Chanca piedra/Phyllanthus niruri showed some evidence of efficacy and was the most studied active ingredient, with human and animal studies. Cranberry, green tea leaf, pomegranate, Tribulus terrestris, and citric acid followed as ingredients with human studies for treating stone disease.

But Dr. Koo said he is hesitant to recommend any supplemental ingredients based on the quality of science available today.

“Even when studies were available, they were often studies done in animals or humans where the outcomes were biochemical changes in the serum or urine-not specifically changes in stone formation or stone recurrence,” Dr. Koo said. “So even with studies that concluded that there might be useful or effective biochemical changes that would potentially lead to decreased stone formation, we don’t know for sure in the vast majority of cases whether consuming that particular ingredient actually results in meaningful changes for our patients.”

Overall, there is very limited evidence, but there are a lot of supplements on the market and patients need to have real expectations of what these supplements may or may not do regardless of their claims, according to Dr. Koo.
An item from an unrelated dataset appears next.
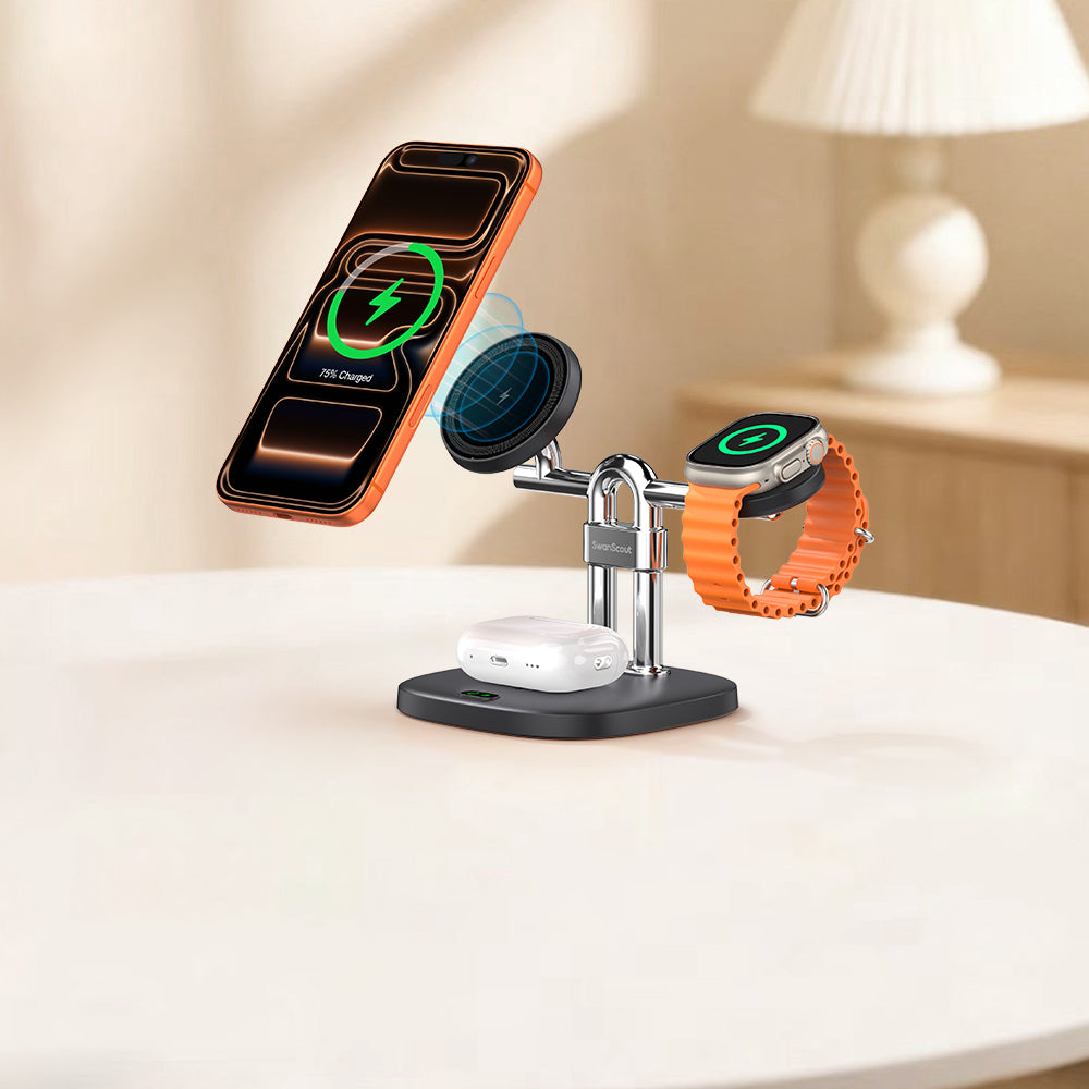 SwanScout 901M - 5 in 1 Wireless Charger for Apple, Perfect for Study Desks

Read: Pharmacotherapy reduces recurrence risk for aggressive stone disease

“We need to remind our patients that the absence of scientific evidence does not mean an absence of potential harm. In these cases, we simply don’t have definitive studies that allow us to say for sure that using these supplements or using specific ingredients is expected to lead to meaningful changes in stone recurrence or stone formation risk,” he said.

Another message from the study is that urologists should include dietary supplement use when asking patients about other medications they’re taking or have tried for their stone disease.
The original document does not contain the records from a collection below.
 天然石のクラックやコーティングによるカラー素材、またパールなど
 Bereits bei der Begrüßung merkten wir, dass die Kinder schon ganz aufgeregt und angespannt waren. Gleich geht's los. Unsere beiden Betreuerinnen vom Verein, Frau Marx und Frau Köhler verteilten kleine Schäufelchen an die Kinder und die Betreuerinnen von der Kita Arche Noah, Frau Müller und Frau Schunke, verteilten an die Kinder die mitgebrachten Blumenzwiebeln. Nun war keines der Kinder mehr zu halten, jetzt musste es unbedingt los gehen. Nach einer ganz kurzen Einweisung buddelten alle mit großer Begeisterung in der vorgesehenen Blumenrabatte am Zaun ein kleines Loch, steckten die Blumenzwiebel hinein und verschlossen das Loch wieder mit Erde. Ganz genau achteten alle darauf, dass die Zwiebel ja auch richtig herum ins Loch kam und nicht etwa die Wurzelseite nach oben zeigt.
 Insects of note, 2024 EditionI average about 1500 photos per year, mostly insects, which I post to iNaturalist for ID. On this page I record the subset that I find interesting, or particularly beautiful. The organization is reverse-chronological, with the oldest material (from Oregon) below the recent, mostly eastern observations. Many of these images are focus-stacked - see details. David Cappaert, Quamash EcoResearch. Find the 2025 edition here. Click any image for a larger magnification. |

“We should remind ourselves as clinicians that stone disease is a chronic disease and that the medical and surgical management of stone disease can be very challenging and burdensome for patients. There’s a reason patients look for dietary supplements to help them with their symptoms or with their stone recurrence: Stone disease can create a lot of morbidity and anxiety,” he said. “I think including dietary supplements in our routine counseling can open up an opportunity for a dialogue with the patient about what works, what might work, what doesn’t work, and the evidence behind all the different strategies that our patients might be trying.”
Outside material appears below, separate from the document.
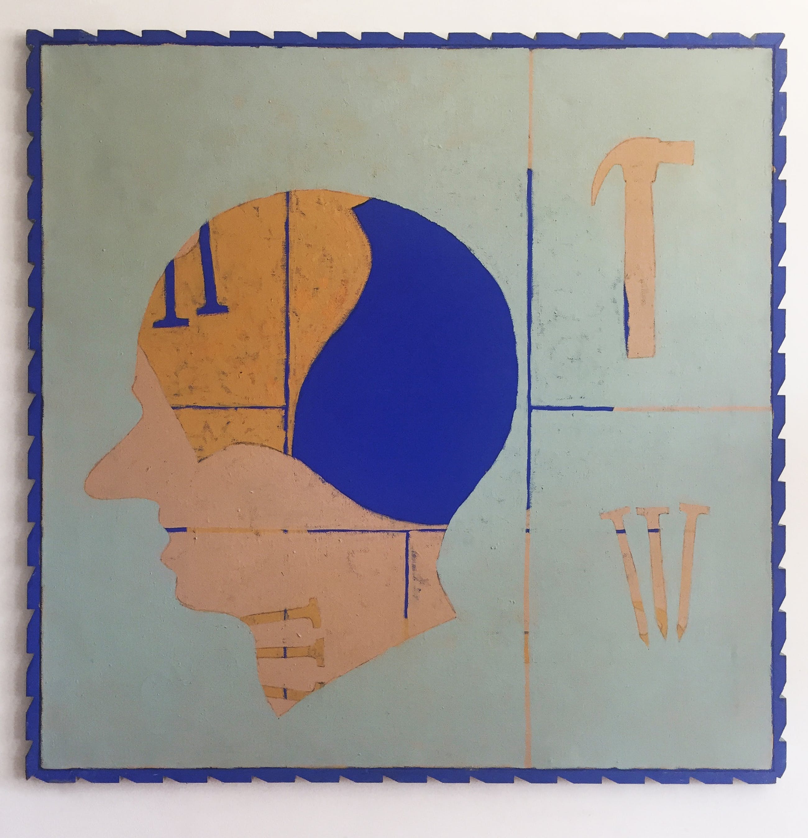 Groot schilderij van Diederick van Kleef (1954), schilder, tekenaar en boekenmaker met een dadaïstische inslag. Opleiding Academie voor Beeldende Kunsten te Arnhem en Jan van Eyck te Maastricht. In Amsterdam had hij in zijn woonhuis aan het Sarphatipark zijn atelier, galerie, uitgeverij in kunstenaarsboeken en boekwinkel Sporadisch Antiquarisch. Woont en werkt inmiddels in Frankrijk.
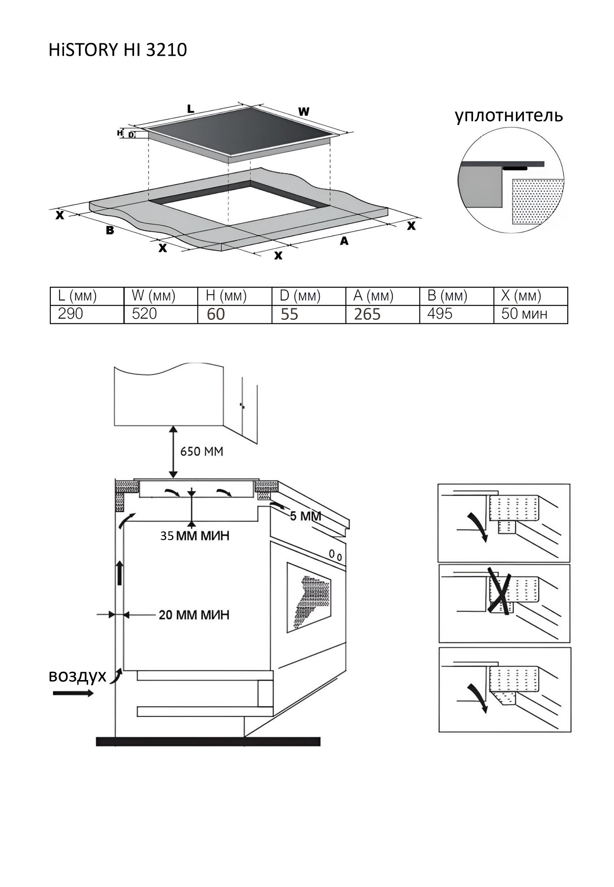 - От кромки столешницы: 50 мм

One possible explanation for the positive product reviews is that many supplement labels instruct people to take the products three times per day with 12 ounces of water each time. That’s almost 40 ounces of water, which is about half of what urologists would typically recommend for stone patients to be drinking for fluid intake.

“It’s possible that increased fluid intake is what’s driving some of the user-reported benefits,” Dr. Koo said.